The same Vatican Insider article also reported that Bergoglio already had a significant number of supporters during the 2005 Conclave that then elected Ratzinger.
However, as Austen Ivereigh revealed in his 2014 book, The Great Reformer, it was Cardinal Kasper who, together with Cardinal Cormac Murphy-O’Connor (another member of the Sankt Gallen Group, but he was then too advanced in age to participate in the Conclave), helped – as a “Team Bergoglio” – to promote the election of Jorge Bergoglio in 2013. (The Sankt Gallen Group officially stopped meeting in 2006, but the collaboration obviously continued.)

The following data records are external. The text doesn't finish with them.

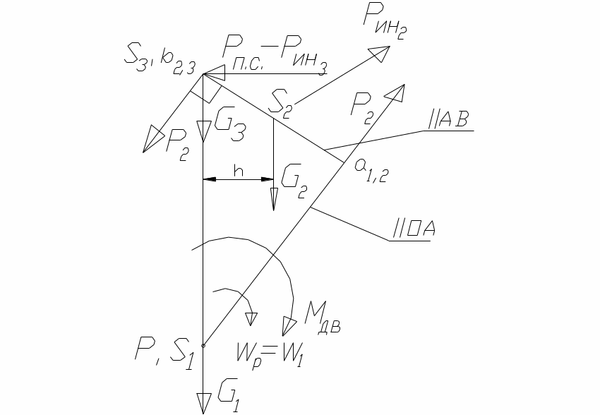 Рисуют начальное звено (кривошип) механизма, т. е. у начального механизма отбрасывают стойку. К начальному звену по направлению угловой скорости ω1 прикладывают движущий момент М∂1 и на оси вращения кривошипа – силу тяжести G1. Действие на начальное звено отброшенных звеньев 2 и 3 заменяют соответствующими реакциями R21 и R31
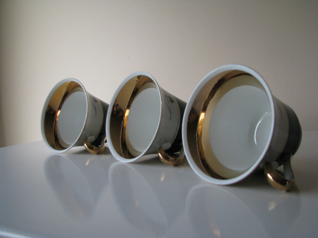 Filiżanki zachowane są w bardzo dobrym stanie, złocenia bez przetarć – przez długie lata stanowiły ozdobę witryny.
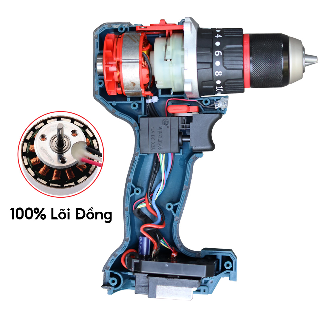 Động cơ 100% lõi đồng không chổi than cao cấp, nhông kim loại giúp cho máy có thể hoạt động bền bỉ, tiêu hao ít năng lượng hơn.
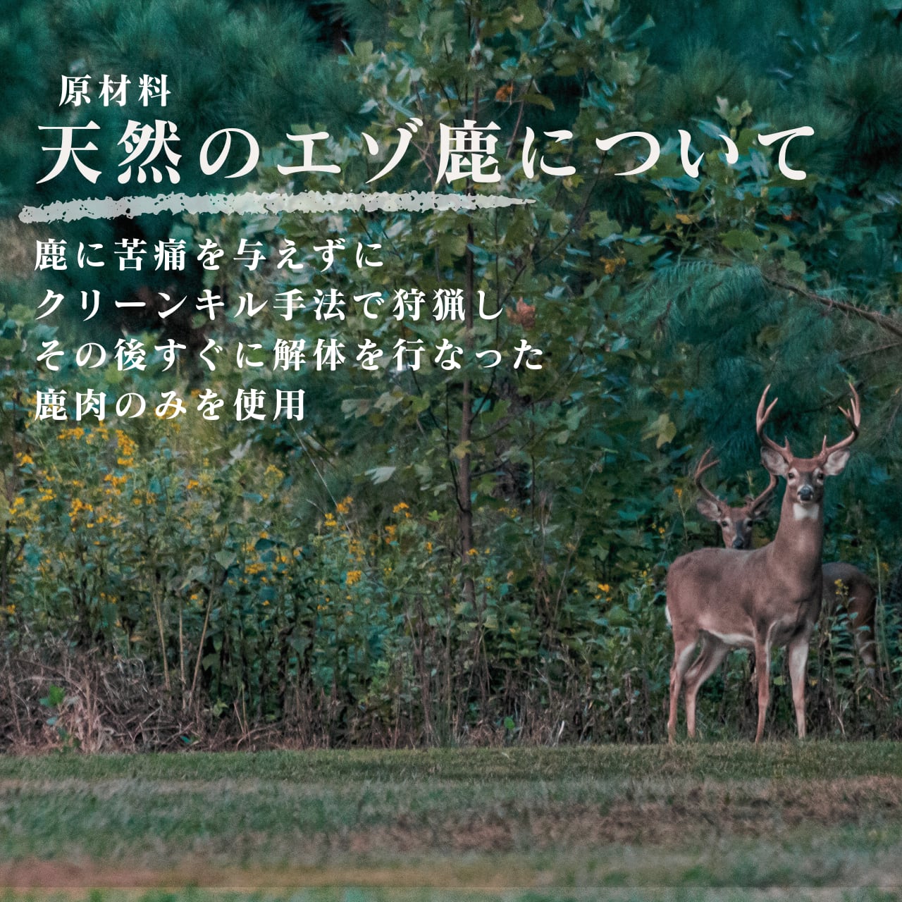 鹿に苦痛を与えずにクリーンキル手法で狩猟し、その後すぐに解体を行なった新鮮な鹿肉のみを使用。
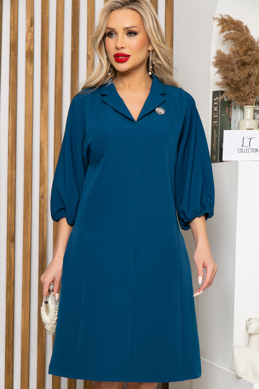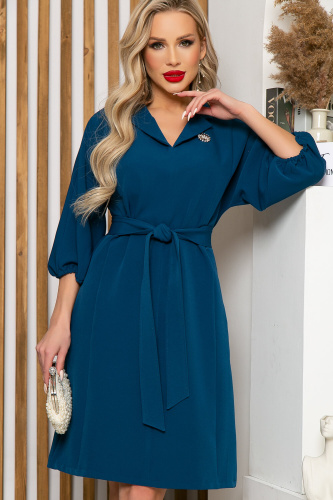 Платье, которое прекрасно подойдёт для создания элегантного делового образа. Платье имеет пышный, укороченный рукав на резинке по низу. Платье средней длины приталенного силуэта, перед - разрезной. В комплект входит пояс из основной ткани и брошь.
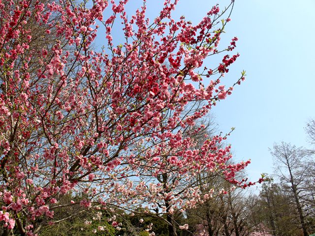 ハナモモも見頃です。花影の池の正面からは左奥に見ることができます。
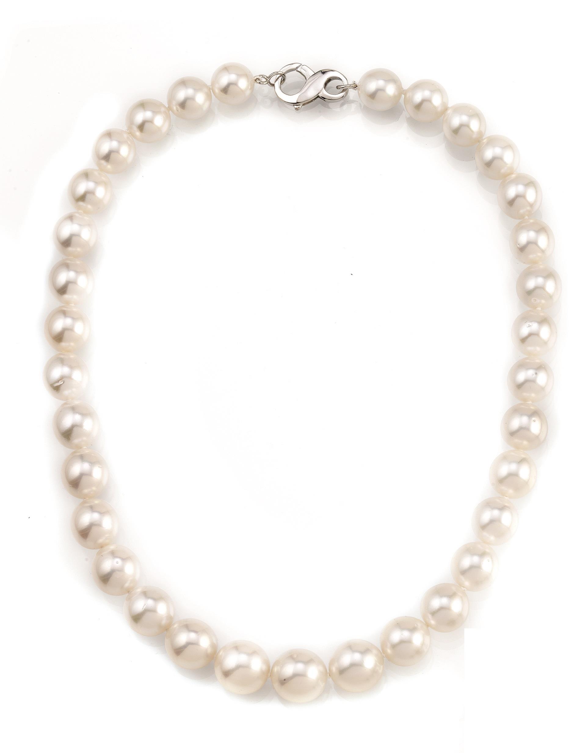 realizzata ad una fila di trentatre perle australiane poste in gradazione, diametro 12-15 mm, fermatura in oro bianco a gancio, punzone 750, 116 g
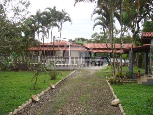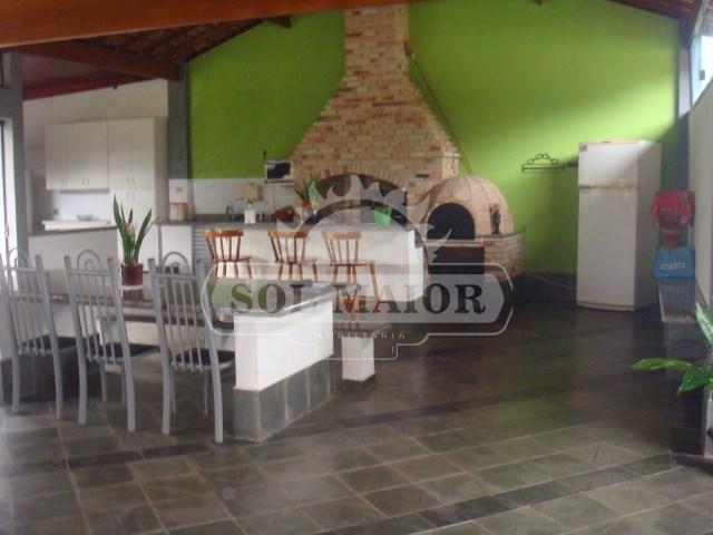 3 dormitórios, 3 wc, sala, cozinha americana integrada com salão grande com espaço gourmet com forno de pizza, churrasqueira, mesa de marmore, porta de vidro para área verde, pomar, horta, piscina, lago com peixe, capela, garagem para vários automóveis.
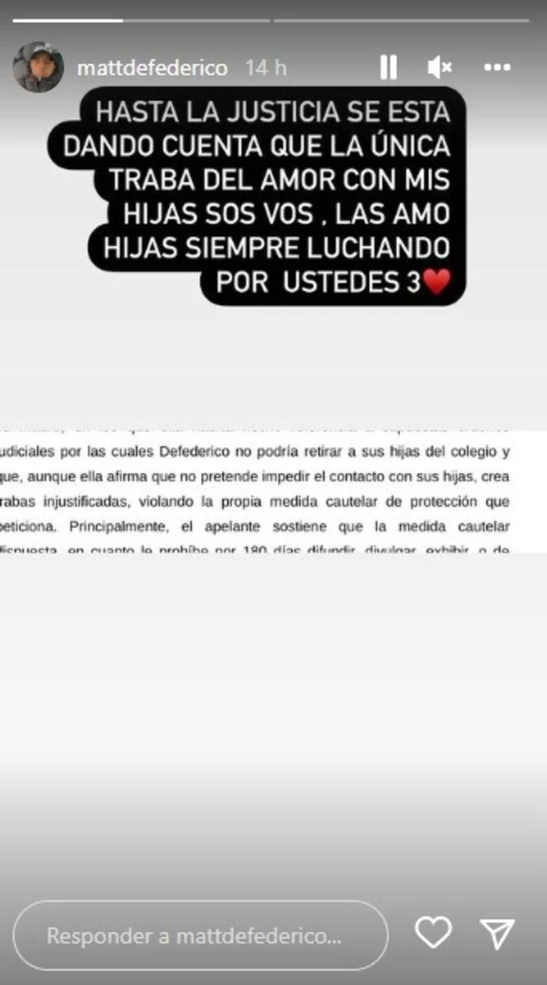 “Hasta la Justicia se está dando cuenta de que la única traba del amor con mis hijas sos vos. Las amo, hijas, siempre luchando por ustedes tres", siguió Matías, que volvió a declararle la guerra a su expareja.
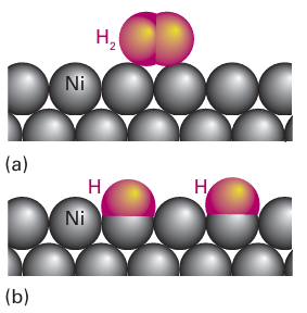 Figure 26.16 Schematic representation of (a) physisorption and (b) chemisorption of hydrogen and a nickel metal surface.
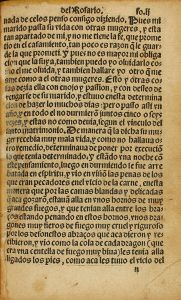 quarenta Milagros hechos / por virtud del santo Rosario, agora / nuevamente añadidos por el / mesmo auctor. (al folio CLXXIXV): Fin de la segunda parte de los Mi/lagros agora nuevamente aña / didos. Barcelona: sa. 8º menor. Tipos góticos de dos tamaños, texto a línea tirada. Letras capitales xilográficas. Empieza en el folio LI (sign. n), termina en el folio CLXXIX. = 128 folios. Signaturas n-z8, &8, A-D8. Encuadernación moderna (c. 1950) en medio pergamino. Unico ejemplar de una edición desconocida pero probablemente de las impresas en Barcelona o México después de 1552. Se conoce un fragmento impreso en [Valencia] 1554, de parecidas características pero signaturas diferentes. También una edición de México, Pedro Balli, 1576, impresa en tipos romanos, pero entre estas dos se suponen otras que bien pueden estar impresas en otros puntos: Tortosa, Valencia, o México. Los ejemplares conservados son siempre fragmentarios, y no llegan a dos o tres ediciones las que han llegado hasta nosotros de esta traducción castellana. El estilo de los relatos milgrosos entre de lleno en la novela popular de carcater amoroso, ya que casi todos ellos son protagonizados por mujeres y lances de amor. El autor publicó en lengua catalana por vez primera este texto en Barcelona 1556, y le siguieron innumerables ediciones en los tres siglos siguientes. Muchos de los milagros descritos ocurren a personas de lugares de Cataluña (Lérida, Balaguer, Puigcerdá, etc). Termina la obra en el folio CLXXIX, que contiene el último capítulo de los milagros, y nos da la fecha más cercana a esta impresión: Capitulo XLII. De una mu/jer librada de un falso testimonio, y de la mu/erte por virtud del santo rosario. En el año de mil quinientos cin/quenta y dos, en la ciudad de Ba/laguer una buena mujer […].

As Ivo Fürer – the Swiss bishop who hosted the meetings of the Sankt Gallen Group in Sankt Gallen until 2006 – stated in a press release in 2015: “The election of Pope Francis in 2013 (115 Cardinals) corresponded to the goals of the group in St. Gallen – it says so in the biography of Cardinal Danneels. This is being confirmed by Bishop Ivo Fürer who never hid his joy about the election of the Argentine.”
As Giuseppe Nardi commented in his own report on the above-mentioned new ARD and Il Fatto Quotidiano interviews with Cardinal Kasper: “The interviews show a certain nervousness which can be seen in connection with the recent abuse scandals and a dubious way of life of bishops and cardinals which have come to light in the recent 12 months and which, in different ways, do not show Pope Francis in the best light.” Nardi mentioned the Pope’s seeming failure to address the problems of misconduct or abuse, as well as “his protecting potential offenders” and the fact that those involved bishops and cardinals “are close to Pope Francis.”
Nardi sees that there is now an attempt in defending Pope Francis by influential media and circles, such as The New York Times, that try to make out a sort of “conspiracy” against Pope Francis, as if there existed, so to speak, a “conservative secretive circle of Sankt Gallen.” “Of such, however,” says Nardi, “there are no signs.”
Nardi concluded: “Kasper’s interventions show that, with the coming closer of the Abuse Summit (in Rome) at the end of February – which is being shadowed by new abuse scandals – the tension is increasing in the circles around the Pope.”